* [THE DATA]:
Content starts

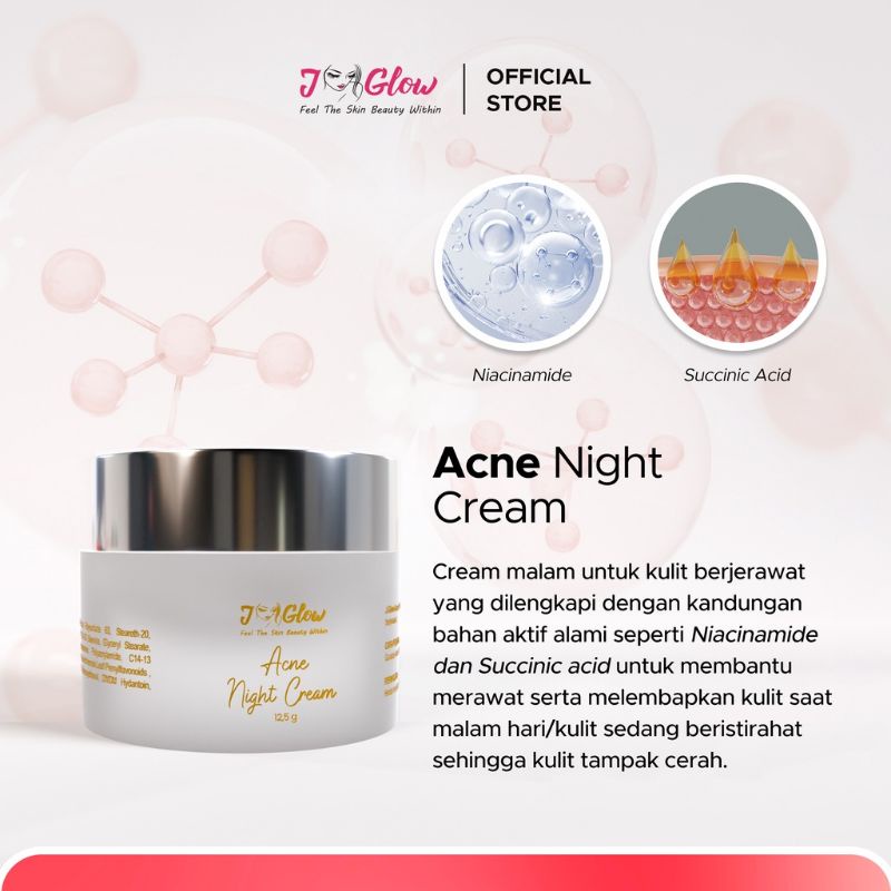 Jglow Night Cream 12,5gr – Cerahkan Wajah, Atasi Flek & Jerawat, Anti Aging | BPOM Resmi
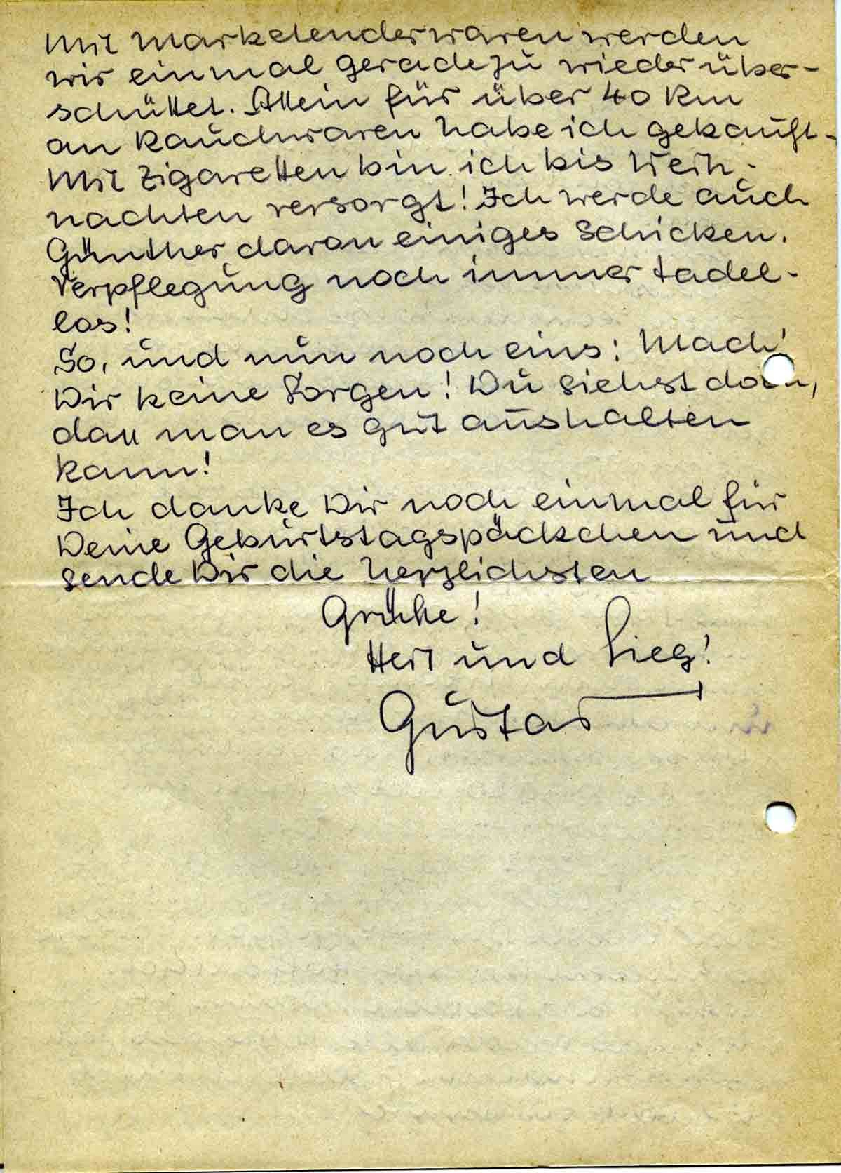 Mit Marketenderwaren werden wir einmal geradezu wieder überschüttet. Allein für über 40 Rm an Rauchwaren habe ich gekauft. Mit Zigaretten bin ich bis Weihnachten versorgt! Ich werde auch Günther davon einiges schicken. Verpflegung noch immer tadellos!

Content ends
Content starts

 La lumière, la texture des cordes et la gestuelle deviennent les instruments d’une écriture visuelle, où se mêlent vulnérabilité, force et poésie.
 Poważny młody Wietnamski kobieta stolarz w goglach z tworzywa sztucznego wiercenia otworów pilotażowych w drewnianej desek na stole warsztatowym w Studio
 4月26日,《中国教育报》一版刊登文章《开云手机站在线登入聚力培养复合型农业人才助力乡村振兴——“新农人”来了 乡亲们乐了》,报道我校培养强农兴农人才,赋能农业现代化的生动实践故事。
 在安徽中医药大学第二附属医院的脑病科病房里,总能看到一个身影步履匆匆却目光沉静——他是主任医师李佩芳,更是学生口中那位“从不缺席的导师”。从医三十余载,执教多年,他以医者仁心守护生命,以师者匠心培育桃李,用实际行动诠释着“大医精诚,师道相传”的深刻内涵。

Content ends
Content starts

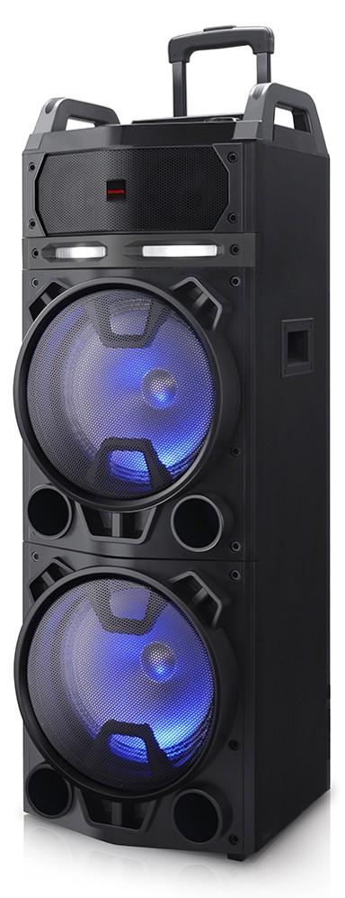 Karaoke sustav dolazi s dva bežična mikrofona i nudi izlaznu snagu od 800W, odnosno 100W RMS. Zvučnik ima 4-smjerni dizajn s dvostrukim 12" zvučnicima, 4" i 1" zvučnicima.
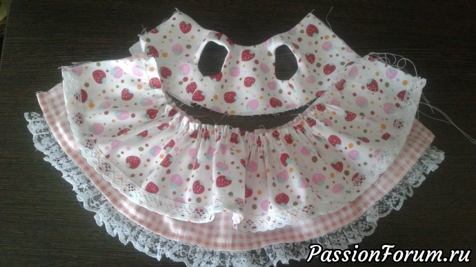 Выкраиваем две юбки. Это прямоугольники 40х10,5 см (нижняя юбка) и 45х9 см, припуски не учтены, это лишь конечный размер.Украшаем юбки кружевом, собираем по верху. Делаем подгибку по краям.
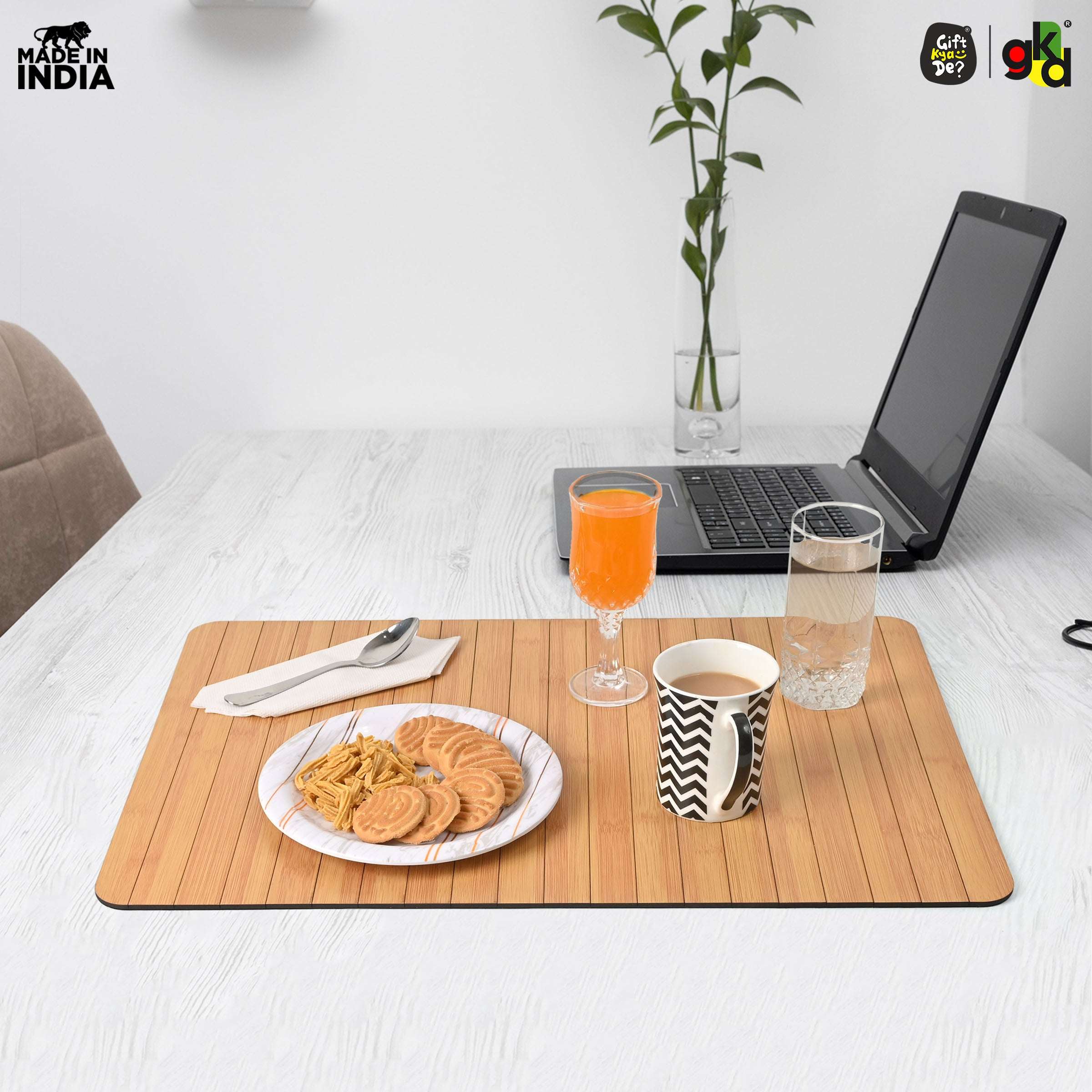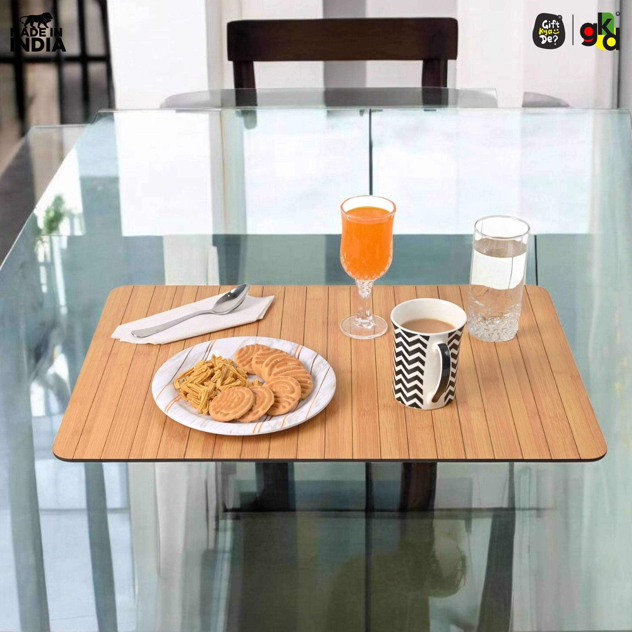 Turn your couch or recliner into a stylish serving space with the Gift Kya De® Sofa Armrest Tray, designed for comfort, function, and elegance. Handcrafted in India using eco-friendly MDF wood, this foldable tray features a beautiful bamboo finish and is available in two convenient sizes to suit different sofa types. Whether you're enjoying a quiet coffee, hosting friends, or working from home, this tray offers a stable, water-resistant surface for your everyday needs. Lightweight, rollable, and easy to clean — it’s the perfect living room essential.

Content ends

* [REQUIRED ACTION]:
For the lines above, output exactly those from the line containing "4月26日,《中国教育报》一" through the line containing "在安徽中医药大学第二附属医院", and skip the others.

* [TASK ANSWER]:
 4月26日,《中国教育报》一版刊登文章《开云手机站在线登入聚力培养复合型农业人才助力乡村振兴——“新农人”来了 乡亲们乐了》,报道我校培养强农兴农人才,赋能农业现代化的生动实践故事。
 在安徽中医药大学第二附属医院的脑病科病房里,总能看到一个身影步履匆匆却目光沉静——他是主任医师李佩芳,更是学生口中那位“从不缺席的导师”。从医三十余载,执教多年,他以医者仁心守护生命,以师者匠心培育桃李,用实际行动诠释着“大医精诚,师道相传”的深刻内涵。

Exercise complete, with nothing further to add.